Durable Goods Orders Off 10.2% on Lower Aircraft O

Washington, DC, February 24, 2006--Durable goods orders dropped 10.2% in January as aircraft orders dried up after three months of strength, the Commerce Department reported Friday. The decline was the largest since July 2000 and far exceeded the 2.5% drop expected by economists. Aircraft orders fell 68.2% in January after averaging more than three times the normal level from October through December. Leaving out transportation, durable goods orders rose 0.6 percent, slightly more than economists had expected, for the third straight monthly gain for the number. Economists had forecast a decline a much smaller 1 percent, after Boeing orders slowed to a three-month low of 39 units in January, down from 204 in December.

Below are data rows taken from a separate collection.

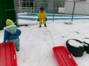 雪遊びは、季節ならではの自然に触れる貴重な機会です。全身で雪を感じ、楽しんで欲しいと思います。
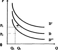 Рис. 3.2 Движение кривой спроса Эти факторы способствуют сдвигу кривой индивидуального спроса вправо или влево. Так, изменение денежных доходов потребителей предполагает сдвиг кривой в положение D’ (в случае их увеличения) и в положение D” (в случае их снижения). Эластичность спроса Понятие эластичности связано со спросом на товары в зависимости от их стоимости. Мерой такого измерения служит коэффициент эластичности спроса. А. Маршалл, развивавший эту тему, писал в своих "Принципах экономической науки", что "эластичность (responsiveness) может быть большей или меньшей в зависимости от того, сильнее или слабее возрастает приобретаемое количество товаров при данном снижении цен, и в большей или меньшей степени падает при данном повышении цен". Эластичность спроса определяется как отношение между процентной величиной изменений запрашиваемого количества товара и величиной колебаний цен.
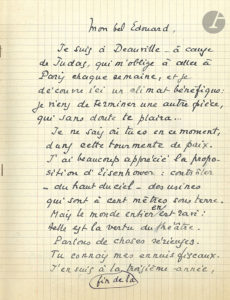 8 août 1955. Il remercie son cher Édouard de sa cravate (de commandeur de la Légion d’honneur) « que tu as nouée toi-même autour de mon col ». Alors que le dernier acte de sa « longue aventure fiscale » va se jouer, il prie de ne pas montrer à l’administration le résumé ci-dessus, qui « pourrait irriter ces puissants chefs »…
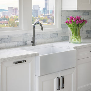 Fossil Blu fireclay sinks are designed with tighter corners and straighter sidewalls for a definitively up-to-date appearance. Combine this with luxurious accessories and a bold rectangular front apron, and your sink becomes the centerpiece of your remodeled kitchen.
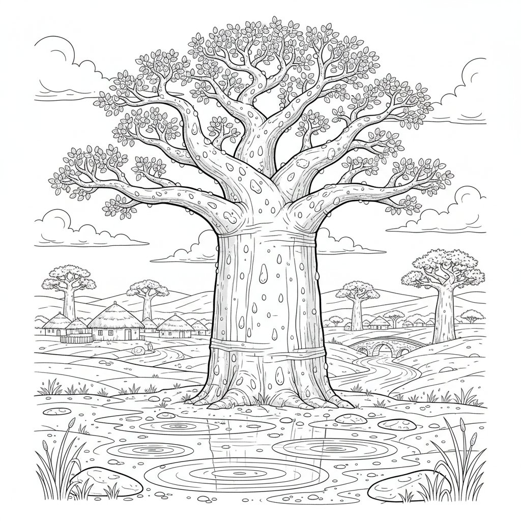 Página para Colorear de Baobab Tranquilo - Difícil
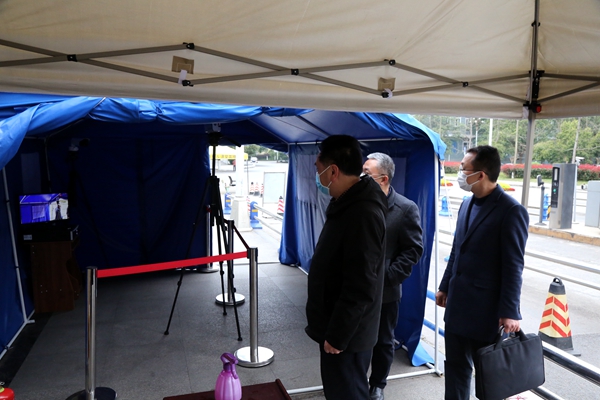 张光君考察西华师范大学校门体温检测点人体红外测温报警仪场景
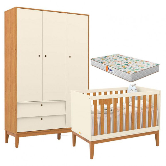 Berço Americano e Guarda Roupa Unique 3 Portas Off White Freijó Eco Wood com Colchão Gazin - Matic
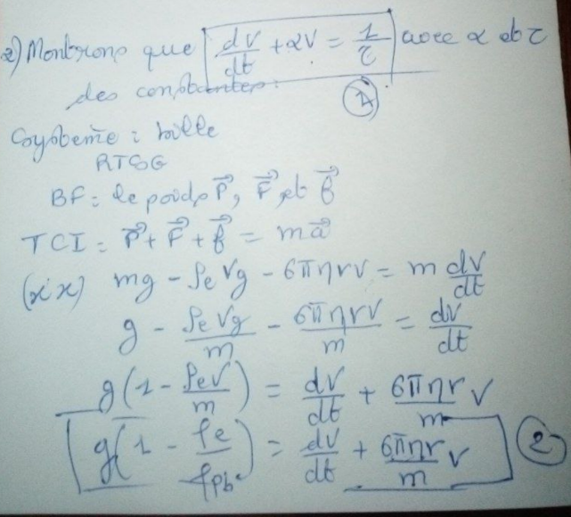 La valeur de alpha est bien 6pi n v/m il y a du avoir une inversion. Cela correspond bien à la forme de l équation différentielle demandée. Cependant en spécialité de term l équation différentielle sur la vitesse avec un frottement visqueux n est pas au programme.

Wall Street had pegged orders to rise 0.5 percent excluding transportation. December orders were revised up to a 2.5 percent increase from the originally reported 1.3 percent advance. The steep drop in January was driven by declines in capital goods and transportation equipment orders. Capital goods orders tumbled 23.1 percent. New orders for transportation equipment slid 31.2 percent, as motor vehicles and parts orders fell 3.3 percent and defense aircraft and parts fell 22 percent. Non-defense aircraft and parts orders tumbled 68.2 percent, the biggest drop since an 80.1 percent decline in December 1998, the department said. Unfilled orders, which can signal future strength of factory production, fell 0.8 percent, the largest decline since a decline of 1.2 percent in October 2002.